High-, low-risk adenomas could inform colonoscopy intervals
The presence of high- or low-risk adenomas at screening colonoscopy could help physicians determine how long to make surveillance intervals, according to study results.
“Ideally, surveillance recommendations are based on the risk of developing and dying from colorectal cancer after adenoma removal,” Jeffrey K. Lee, MD, MAS, of the department of gastroenterology at Kaiser Permanente San Francisco, and colleagues wrote. “Yet most studies that serve as the basis for the guidelines have either been small in size, performed under highly standardized conditions or with selected populations, lacked long-term follow-up and colonoscopy quality data, evaluated broad time intervals, or focused on advanced adenomas rather than colorectal cancer incidence and mortality as the primary outcome.”
Researchers analyzed data from 64,422 individuals who underwent baseline colonoscopies from 2004 to 2010. They separated their findings into three groups — no adenoma, low-risk adenoma and high-risk adenoma — and followed the individuals until the earliest diagnosis of CRC, death, disenrollment from the health plan or Dec. 21, 2017. They then compared risk for CRC and related deaths between the adenoma groups and the no adenoma group.
Compared with the no adenoma group (n = 45,881), Lee and colleagues found that patients in the high-risk group (n = 7,563) had a higher risk for CRC (HR = 2.61; 95% CI, 1.87–3.63). They also had a higher risk for CRC-related death (HR = 3.94: 95% CI, 1.9–6.56).
Researchers determined that patients in the low-risk adenoma group were not at significantly increased risk for CRC (HR = 1.29; 95% CI, 0.89–1.88) or related death (HR = 0.65; 95% CI, 0.19–2.18) compared with the no adenoma group.

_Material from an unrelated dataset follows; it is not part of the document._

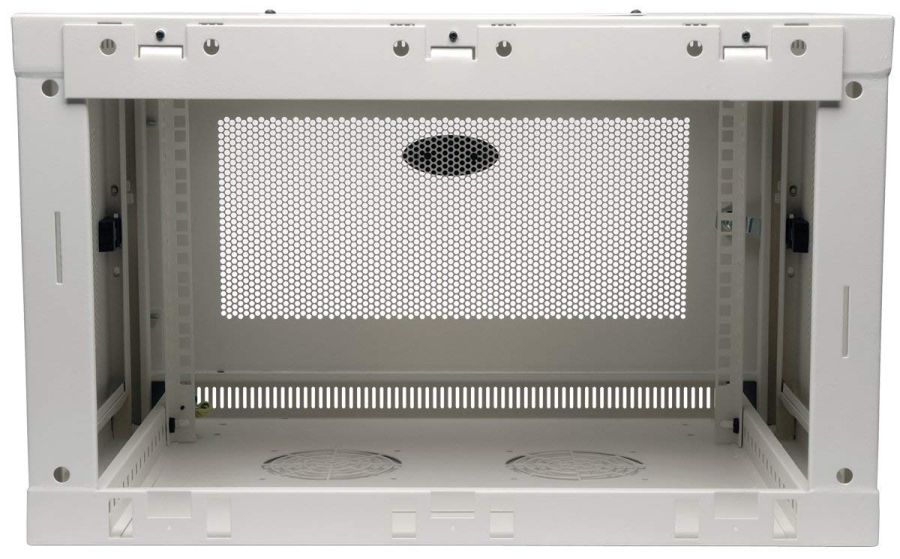 Wall-mount cabinet secures and organizes 6U of 19-inch rack equipment in network closets, classrooms and other locations with limited floor space. Houses network switches and patch panels up to 16.5 inches deep.
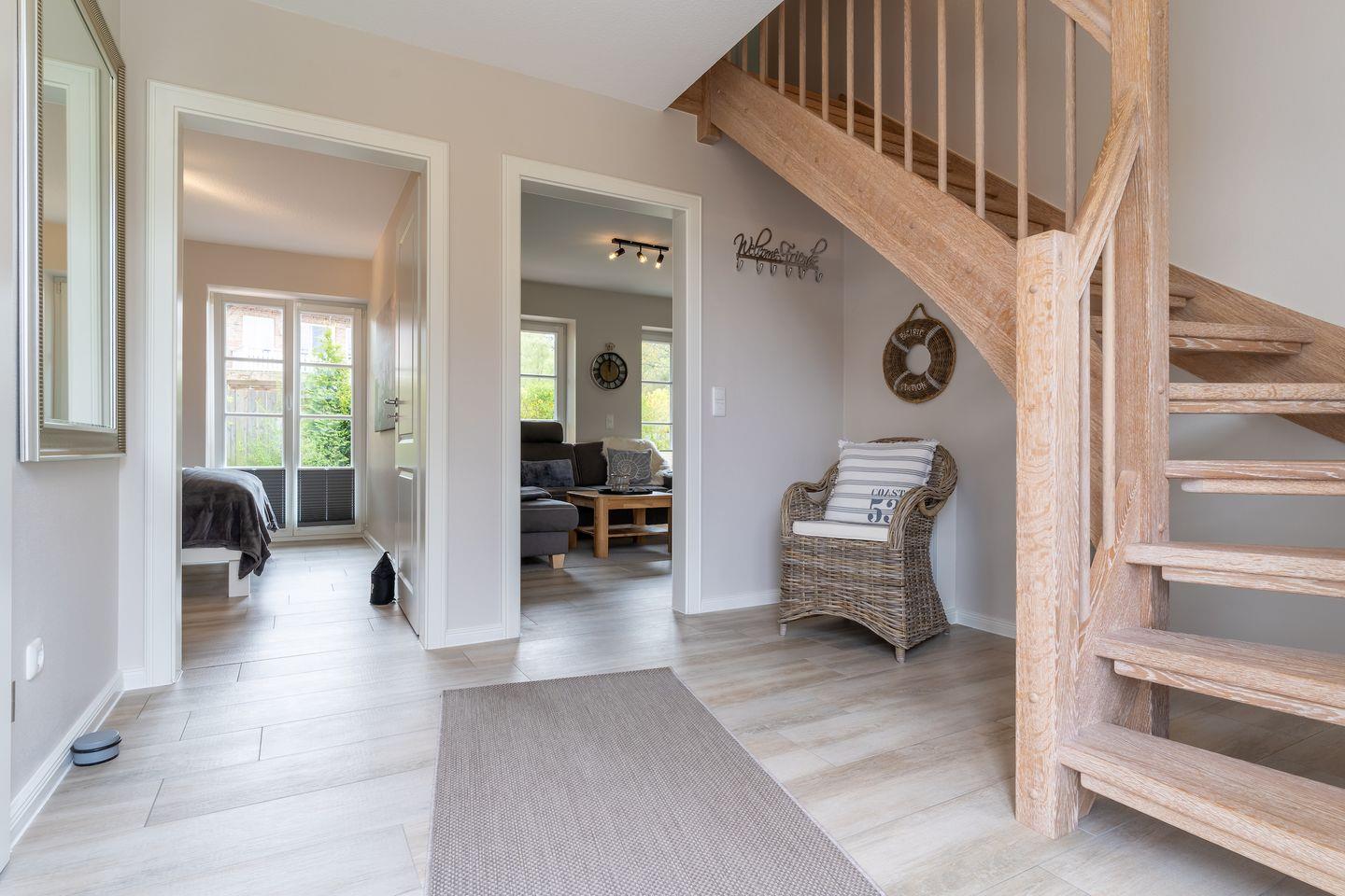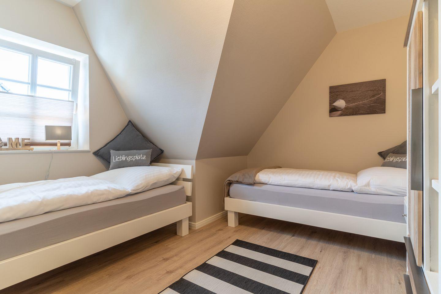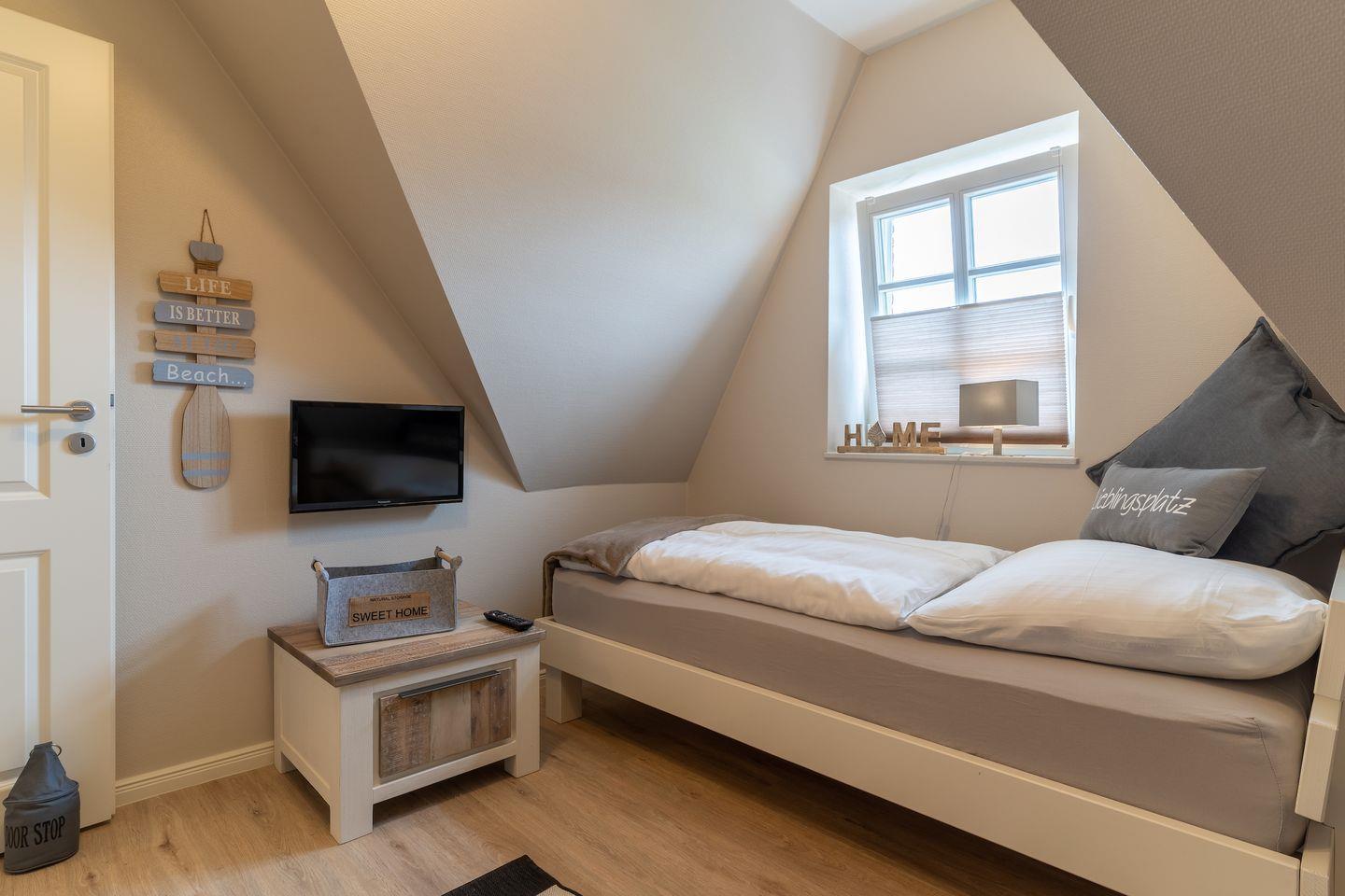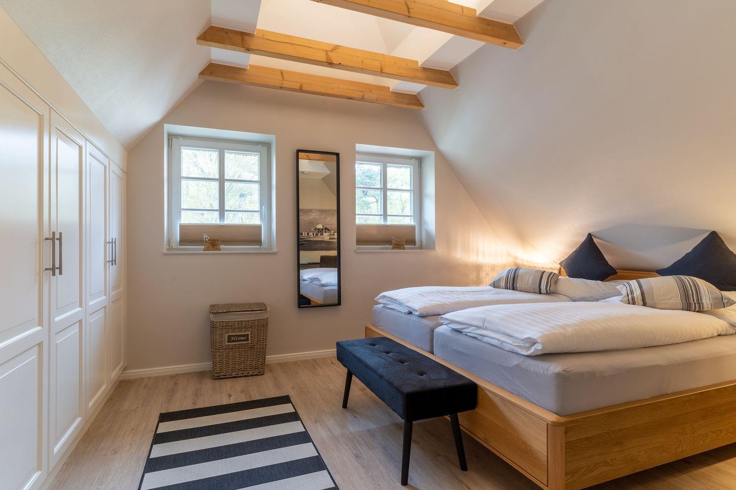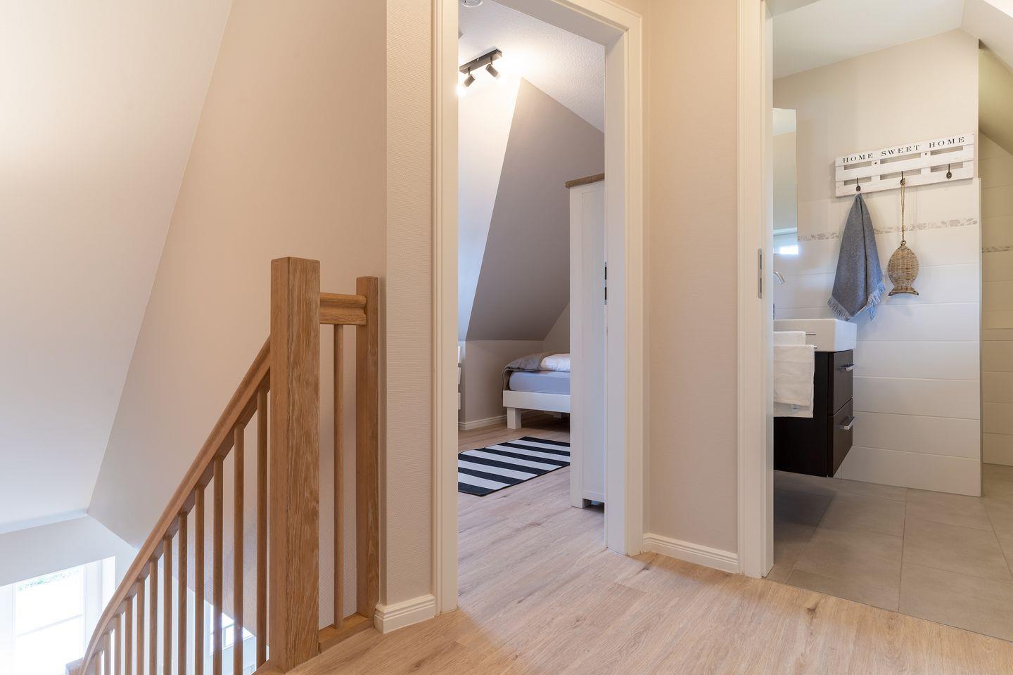 Über eine Holztreppe im Flur gelangt man in das Obergeschoss mit zwei Schlafzimmern. Ein Schlafzimmer ist mit einem Doppelbett ausgestattet und bietet jeden Komfort. Darüber hinaus befindet sich im Obergeschoss ein weiteres Schlafzimmer mit zwei Einzelbetten und einem TV. Außerdem ist im Obergeschoss ein weiteres Duschbad.

Lee and colleagues wrote that their findings help expand the understanding of CRC risk and related deaths after the removal of low-risk adenomas at a baseline colonoscopy.
“This finding suggests that guidelines recommending comparable follow-up for low risk adenomas and normal examinations, such as lengthening the surveillance interval to [more than 5 years] and possibly 10 years, may provide comparable cancer incidence and mortality benefits for these two groups,” they wrote. “Additional studies, potentially including randomized trials, on the natural history of low-risk adenoma and normal findings without intervening surveillance exams before 10 years are needed to help guide future surveillance practices.” – by Alex Young
Disclosure s: The authors report no relevant financial disclosures.